Last year, Hensch’s team found fewer parvalbumin interneurons in the cortex of nine different mouse models of autism6.

These results are inconsistent with Blatt’s study, which found more of these interneurons in individuals with autism. The discrepancies could be explained by the fact that the studies investigated different species during different periods of brain development, the researchers say.

“Our study and Blatt’s simply took snapshots in time,” Hensch says. He plans to study how these cells change over time.

Researchers don’t yet understand why interneuron abnormalities are present in people with psychiatric disorders. It could be because the cells are the brain’s primary source of GABA, which controls the pyramidal cells responsible for high-level cognitive functions.

“If the GABA system is not properly functioning, then the potential exists for GABA levels to potentially affect behavior as well as brain function,” Blatt says.

In 2001, Blatt and his colleagues investigated whether any of the four major neurotransmitters — glutamate, acetylcholine, serotonin and GABA — are altered in the brains of people with autism. They found that, in postmortem tissue from people with autism, the density of the receptors for the first three neurotransmitters is indistinguishable from that of controls. The density of only GABA receptors is much lower in those with autism than in controls, they found7.

Subsequent postmortem studies of autism brains have found lower density of a specific GABA receptor in three different brain regions — the parietal cortex, cerebellum and superior frontal cortex — that have previously been implicated in autism8.

In this case, structure may dictate function. GABA receptors are preferentially located near parvalbumin interneurons. Blatt hypothesizes that in individuals with autism, the decrease in GABA receptors may be the brain’s way of compensating for the increase in GABA-releasing interneurons.

Mouse manipulations:

Interneurons are also a likely culprit in autism because they are prone to malfunction during their development. The cells originate in the ventral forebrain, the frontal portion of the embryonic brain, and then migrate outwards to specific regions of the hippocampus.
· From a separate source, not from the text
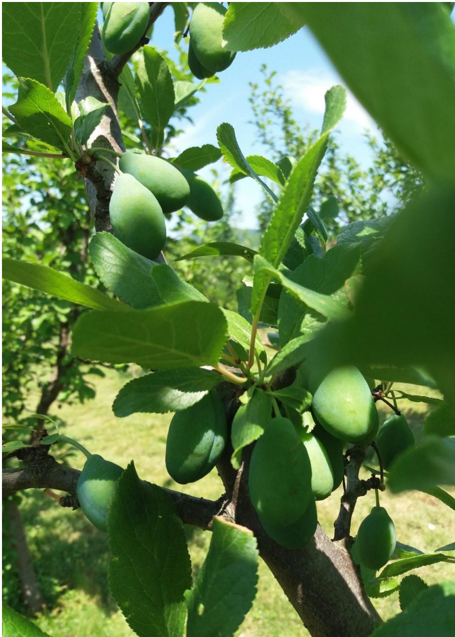
SLIKA 1: FAZA RAZVOJA ŠLJIVE

NA PODRUČJU VOJVODINE ŠLJIVE SE U ZAVISNOSTI OD SORTIMENTA I LOKALITETA NALAZE U RAZLIČITIM FAZAMA RAZVOJA PLODA: PLODOVI DOSTIGLI OD 50% DO 70% KRAJNJE VELIČINE.

“Overall, your probability of having something go wrong increases the longer the trip is, and these cells have a long trip,” says LaMantia.

To better understand how interneurons and GABA signaling affect brain development, researchers are manipulating these cells in animal models and observing whether that causes behaviors reminiscent of psychiatric disorders.

For instance, Hensch’s team is trying to directly manipulate parvalbumin cells to generate a mouse model of schizophrenia. He declined to give more details because the work is unpublished.

In January, Kazu Nakazawa and colleagues at the National Institute of Mental Health published details of another mouse model. During these animals’ early postnatal development, the researchers selectively knocked out a key piece of a common glutamate receptor from about half of all interneurons in the cortex and hippocampus.

Although the scientists don’t yet know why, dampening glutamate in this way results in the loss of GABA-producing parvalbumin cells. The mutant animals also show schizophrenia-like behaviors: anxiety and a lack of interest in social activities such as mating and building nests9. Nakazawa says he is also manipulating interneurons to create a mouse model of bipolar disorder.

Animal models offer a way to experimentally pinpoint excitatory or inhibitory circuit defects at various stages of development, and investigate whether they might be treated with drugs, Hensch notes. Most scientists agree that delivering drugs to fix a broken circuit is preferable to relying on drugs only able to treat behavioral symptoms.

“If we can gain a better understanding of which neurotransmitters are abnormal in the autistic brain, and where, it could open up potential drug-based therapies,” Blatt says.